The records:

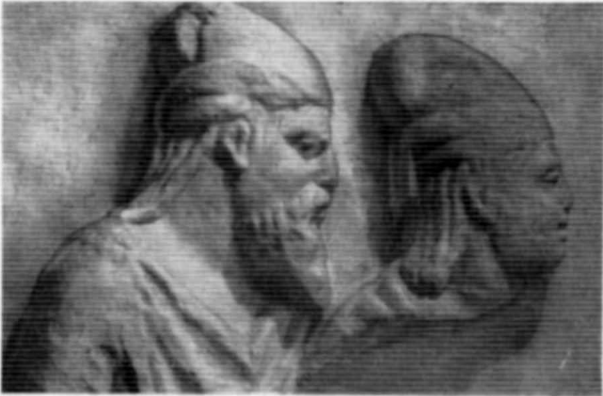
Рис. 2. Уламок рельєфу з Керменчика. Гіпсова копія.

Чверть століття тому на захист поглядів І. П. Бларамберга виступив П. М. Шульц 18 . Останній, по суті, повторив думки свого попередника, але якщо І. П. Бларамберг визначив монетний тип відповідно до своєї
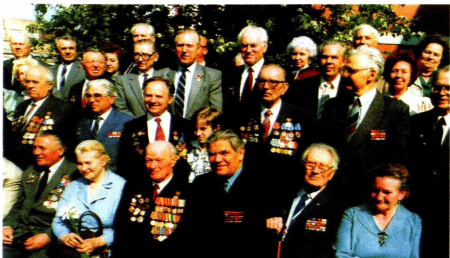
Среди сотрудников ВАСХНИЛ ветеранов войны
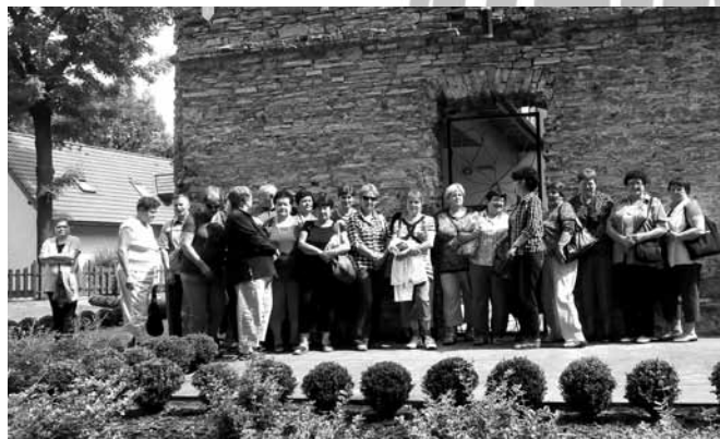
Gospodynie z Janowic w Górkach Wielkich
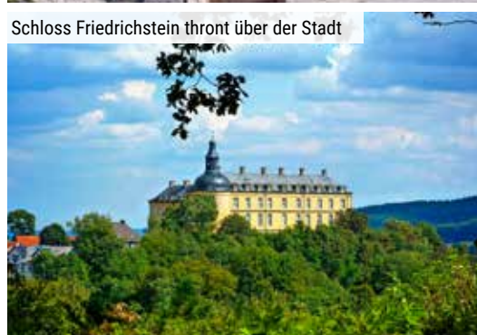
Schloss Friedrichstein thronet über der Stadt
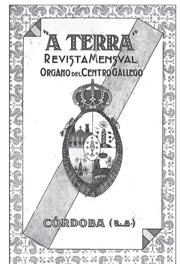
Portada de un número de la revista.

'Repertorio da prensa da emigración galega', un proyecto que busca difundir el patrimonio documental producido por la comunidad gallega del exterior y que, hoy en día, mantiene actualizado el Arquivo da Emigración Galega del Consello da Cultura Galega. En él se recopila una relación de las publicaciones gallegas (boletines, periódicos de información general, revistas culturales, prensa política, revistas y boletines internos de las asociaciones de emigrantes, publicaciones institucionales etc.) editadas tanto por las asociaciones de emigrantes como por figuras destacadas de la colectividad gallega. Aunque los números de las diferentes cabe-
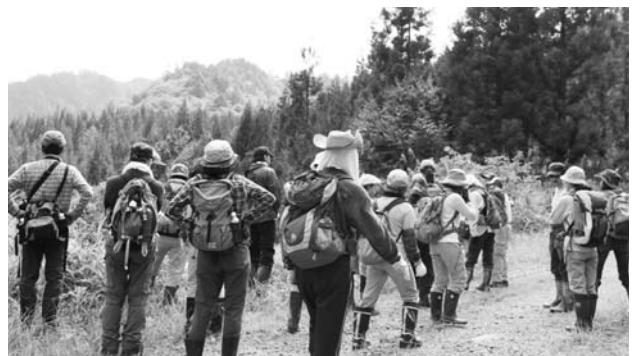
▲布沢の林道を出発する参加者

What is expected: Starting at the first line of the data, set down each line exactly until you have copied the line with "Portada de un número de la revista.", but leave the pictures out.

Exercise output:
Рис. 2. Уламок рельєфу з Керменчика. Гіпсова копія.

Чверть століття тому на захист поглядів І. П. Бларамберга виступив П. М. Шульц 18 . Останній, по суті, повторив думки свого попередника, але якщо І. П. Бларамберг визначив монетний тип відповідно до своєї
Среди сотрудников ВАСХНИЛ ветеранов войны
Gospodynie z Janowic w Górkach Wielkich
Schloss Friedrichstein thronet über der Stadt
Portada de un número de la revista.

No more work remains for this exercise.